Pemilihan Gubernur DKI Jakarta tahun 2017 lalu merupakan salah satu contoh dampak dari adanya politik identitas. Dalam pemilihan Gubernur tersebut, muncul banyak sekali berita-berita palsu yang bertemakan SARA dan menunjukkan kebencian kepada calon pasangan lain dengan harapan calon pasangan tersebut kehilangan dukungan masyarakat sehingga ia lebih banyak mendapatkan suara masyarakat. Efek dari politisasi identitas yang dilakukan saat pemilihan Gubernur DKI ini dirasakan ketika pemilu Presiden tahun 2019.

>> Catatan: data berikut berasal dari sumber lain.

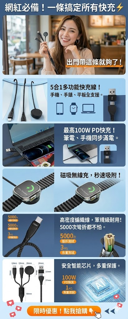 「自從換了這條 5合1,我現在出門包包變得超整潔!不管是在咖啡廳工作還是出國旅遊,一條線解決所有設備,朋友看到都跟著被推坑。這真的是目前看過最強大的『充電怪獸』,真心推薦每個 3C 控都要有一條!」

Hemat saya, adanya politik identitas ini akan mengubah pola pikir masyarakat dimana yang dapat menjadi pemimpin adalah orang yang memiliki identitas yang sama dengan masyarakat tersebut. Apabila hal ini terjadi, maka kaum minoritas akan kehilangan hak yang sama dalam pemerintahan negara, terutama dalam ranah pemilu maupun pemilihan yang lama kelamaan dapat mengganggu proses demokrasi. Kita tahu bahwa sistem demokrasi telah menjadi sistem pemerintahan yang dianut Indonesia mengingat pluralisme masyarakatnya. Saya dapat membayangkan apa yang terjadi ketika proses demokrasi ini sudah tidak berjalan sebagaimana mestinya, tentunya tidak akan ada lagi keadilan sosial, persamaan hak untuk seluruh rakyat Indonesia, bahkan kebebasan untuk orang lain maupun diri sendiri. Tidak hanya itu, politisasi juga akan menciptakan jurang pemisah antar masyarakat yang memiliki perbedaan identitas. Kejadian seperti ini jika terus berlanjut dapat memberikan dampak pada rendahnya persatuan dan kesatuan masyarakat Indonesia dan berujung pada peningkatan potensi polarisasi baik terhadap masyarakat maupun para elit politik.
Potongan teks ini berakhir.